Public trust and involvement in science plays a central role in addressing global challenges, achieving the United Nations’ Sustainable Development Goals, and contributing to the overall wellbeing of society. This Falling Walls Circle Round Table debates how we can use Co-Creative Approaches to foster Science Engagement initiatives that aim to tackle said challenges and can contribute to a greater societal impact.
As Tina Stengele says, Science Engagement essentially faces two basic challenges: funding and recognition. To tackle funding, it is important to create powerful relationships and platforms, connecting science with institutions, politics and the private sector. “The demand for participatory science will grow”, Stengele says, and that presents a huge opportunity for Co-Creative Approaches on a global scale. Some programs, such as Falling Walls Engage and the International Year of Science Engagement, already show great potential in this regard.

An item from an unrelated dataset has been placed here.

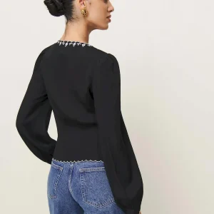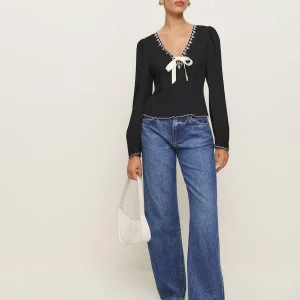 The model is wearing a size 0 and is 5’8″, 24″ waist, 36″ hips, 32″ bust.

Science Engagement from the bottom up
At the same time, scientists themselves need to take scientific communications seriously, Nick Ishmael-Perkins argues. This includes changing the narrative on how science works – stepping back from the notion of a “hero scientist” and towards more cooperation and communication, towards different expertise and perspectives.
Speaking of perspectives, the panel agrees that a Co-Creative Approach is especially suited to reach communities that traditionally do not have access to academia: “We need to bring in existing expertise in the communities who are not scientists in the traditional sense”, says Kari Mugo, switching to “Science Engagement from the bottom-up instead of top-down”. The access and understanding of science should be available to all, because if people turn away from rational based values, this may become a threat to democracy.